Comment 7 Justin Schuh 2013-01-22 09:27:47 PST
(In reply to comment #3)
> I have no objection against enabling this on Windows. I just don't know enough about Windows x86_64 to r+.

Gotcha. If I do propose turning it on I'll make sure to find an appropriate reviewer. Sadly, I don't think anyone other than myself is actually working a Win64 port, so I doubt I can get *that* appropriate of a reviewer.


(In reply to comment #4)
> On Chromium Windows the allocator can be selected at runtime with an environment variable.

Yup, but on win64 we don't support custom allocators yet so it's winheap only. That said, the only thing I'm aware of us using the allocator switching for is winheap under instrumentation, so we're basically safe right now.

> Last I looked, we supported tcmalloc, jemalloc, and winheap at least. Is this true for the 64 bit build? Do we know the alignment properties of all of the possible allocators?

You forgot Windows LFH. :) And yes, they all have a minimum 16-byte alignment on 64-bit. After we get a basic build up and running we'll eventually enable the custom allocators and test each, just to be sure.


(In reply to comment #6)
(In reply to comment #5)
> > If you enable this for Windows, can you introduce a new macro to do __attribute__((aligned (16))) || __declspec(align(16))?
> 
> __attribute goes after the type, __declspec goes before. You can write a function-like macro for members and locals, but it won't work for type declarations.I think standard practice is to have both pre and post macros.

So, add something like WTF_ALIGNED_TYPE_START(align) and WTF_ALIGNED_TYPE_END(align) to Alignment.h? Feels a bit horsey, but it's probably a better solution than anything more clever.
Comment 8 James Robinson 2013-01-22 12:17:33 PST
Comment on attachment 183881 [details]
Patch for discussion.

I think this is fine. We can add a macro when we get a few more callers - at this point I think it's a bit premature.
Comment 9 Benjamin Poulain 2013-01-22 12:39:50 PST
I was thinking of something like:

#define WTF_ALIGNED(declaration, alignment) \
    declaration __attribute__((aligned (alignment))); 

> I think this is fine. We can add a macro when we get a few more callers - at this point I think it's a bit premature.
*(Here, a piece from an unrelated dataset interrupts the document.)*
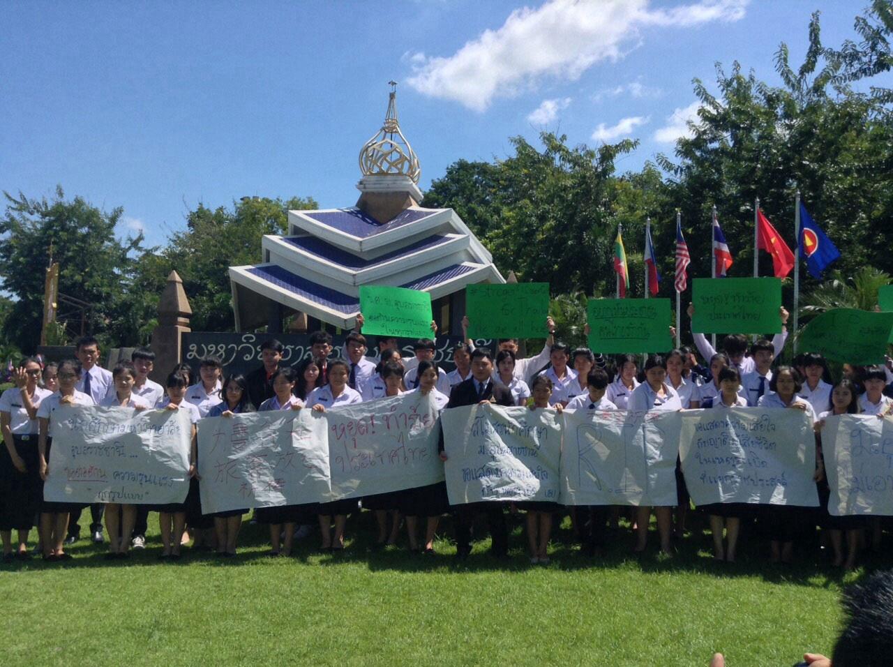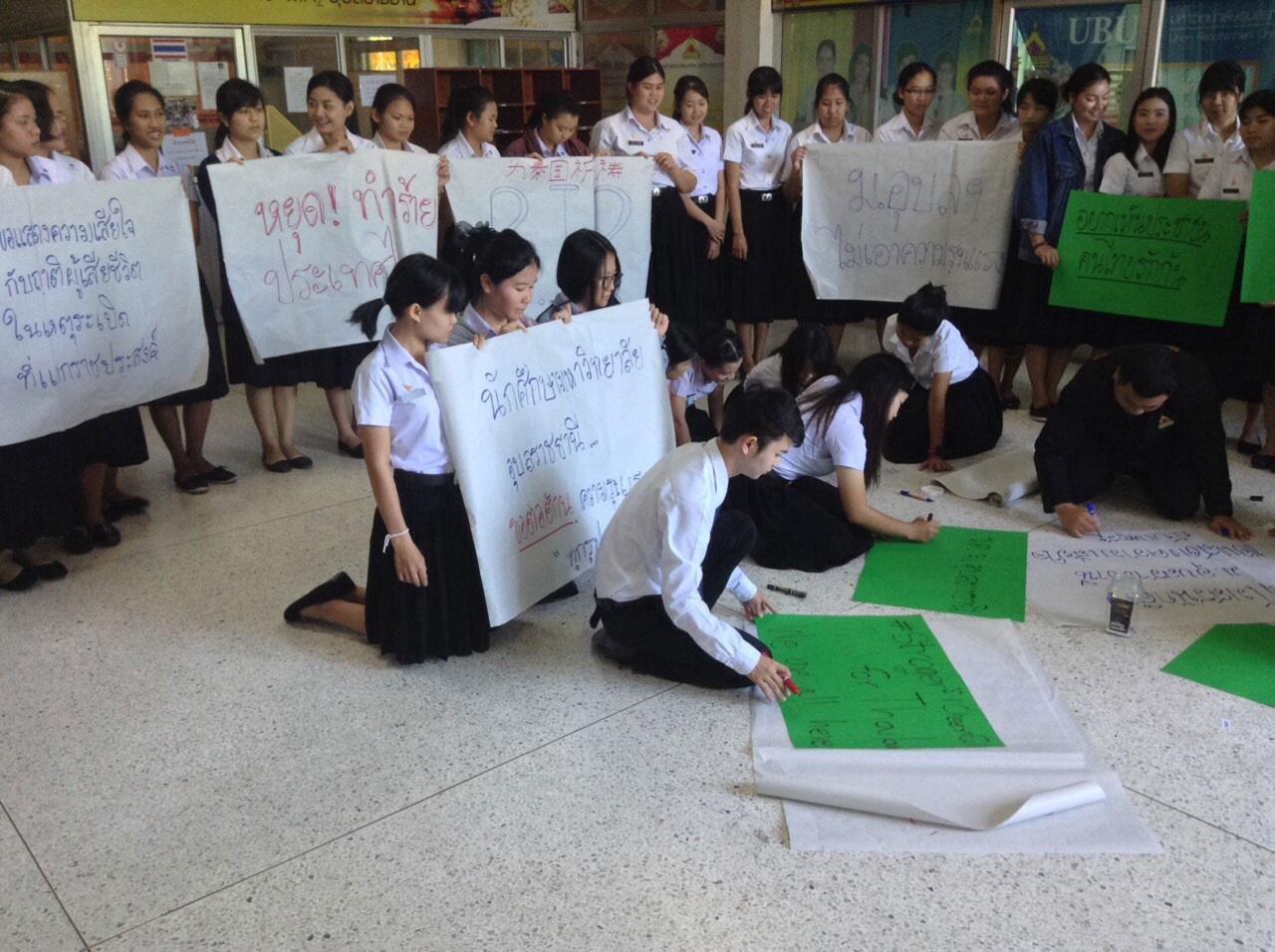 นักศึกษา ม.อุบลราชธานี ร่วมไว้อาลัยเหยื่อเหตุบึมแยกราชประสงค์ พร้อมให้กำลังใจเหยื่อและครอบครัว ก่อนเดินขบวนต้านความรุนแรง

Fair enough, I don't have a problem with that.
Comment 10 Justin Schuh 2013-01-22 12:43:37 PST
Since the verdict seems to be that this patch is fine, I'm just going to cq+.
Comment 11 WebKit Review Bot 2013-01-22 13:21:34 PST
Comment on attachment 183881 [details]
Patch for discussion.

Clearing flags on attachment: 183881

Committed r140455: <http://trac.webkit.org/changeset/140455>
Comment 12 WebKit Review Bot 2013-01-22 13:21:37 PST
All reviewed patches have been landed.  Closing bug.